Given that [Cu2+] and [Zn2+] are both 2M.
Note: I know that the nernst equation is
E= E*cell=(-0.0592 V/n)log Q
where Q in this case are [Sn2+]/[Cu2+] and [Zn2+]/[Sn2+].
I think that the E*cell = 0.30 for a)... but I am unsure of what the number for E is... I think the goal for part a) is to solve for [Sn2+] diluted and that in order to solve for it, the whole equation needs to be set equal to a number E that I am unsure of....

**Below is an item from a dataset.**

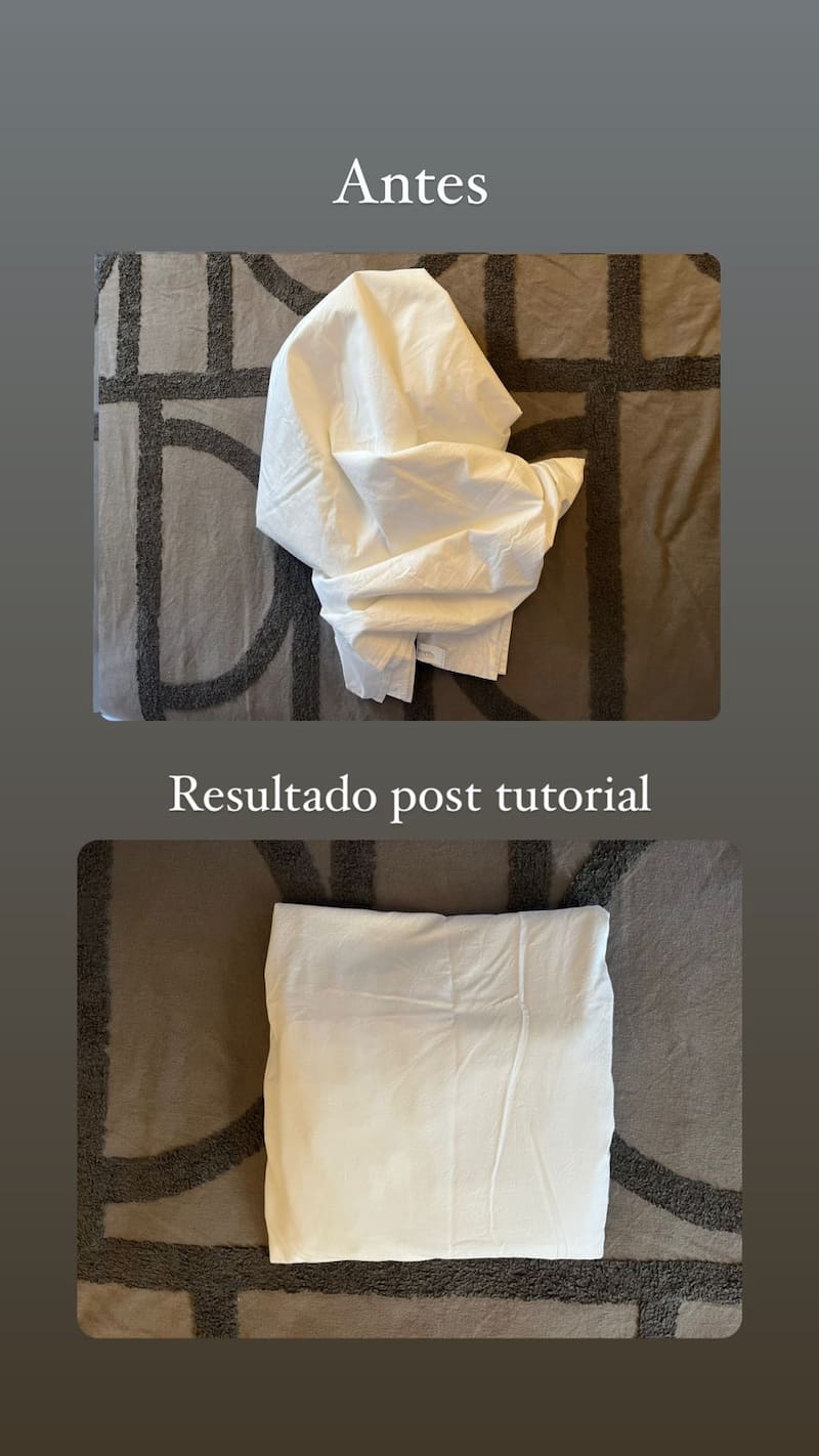 Este, sin dudas, es el tutorial ganador indiscutido de la optimización de espacios. Fácil de hacer y aprender, lo puedes realizar sobre la cama en pocos segundos. Además, al quedar por fuera las fundas de almohadas, estas no se pierden y resultan fáciles de sacar.

Are my thought processes correct?
a) Sn| Sn2+(diluted)||Cu2+|Cu
b) Zn| Zn2+ ||Sn2+(diluted)|Sn
see above
Yes, your thought processes are correct. To solve for the diluted concentration of Sn2+ in both cells using the Nernst equation, you will need to consider the cell potentials and the concentrations of the ions involved.
For part a), the cell reaction is Sn|Sn2+(diluted)||Cu2+|Cu. Assuming that the cell potential, E*cell, is 0.30 V, you can set up the Nernst equation as follows:
E = E*cell - (0.0592 V/n) * log(Q)
Here, Q represents the reaction quotient, which is the ratio of the product concentrations to the reactant concentrations. In this case, the reactant is Sn2+ and the product is Cu2+. The Nernst equation can be rewritten as:
E = 0.30 V - (0.0592 V/2) * log([Cu2+]/[Sn2+])
Since the concentrations of Cu2+ and Sn2+ are both given as 2M, the equation becomes:
E = 0.30 V - (0.0592 V/2) * log(2/2) = 0.30 V
Therefore, the diluted concentration of Sn2+ in cell a) remains the same at 2M.
For part b), the cell reaction is Zn|Zn2+||Sn2+(diluted)|Sn. Assuming the cell potential, E*cell, is also 0.30 V, you can set up the Nernst equation as follows:
E = E*cell - (0.0592 V/n) * log(Q)
In this case, the reactant is Sn2+ and the product is Zn2+. The Nernst equation can be rewritten as:
E = 0.30 V - (0.0592 V/2) * log([Zn2+]/[Sn2+])
Since the concentrations of Zn2+ and Sn2+ are both given as 2M, the equation becomes:
E = 0.30 V - (0.0592 V/2) * log(2/2) = 0.30 V
Therefore, the diluted concentration of Sn2+ in cell b) also remains the same at 2M.
In both cases, the diluted concentration of Sn2+ does not differ from the initial concentration of 2M.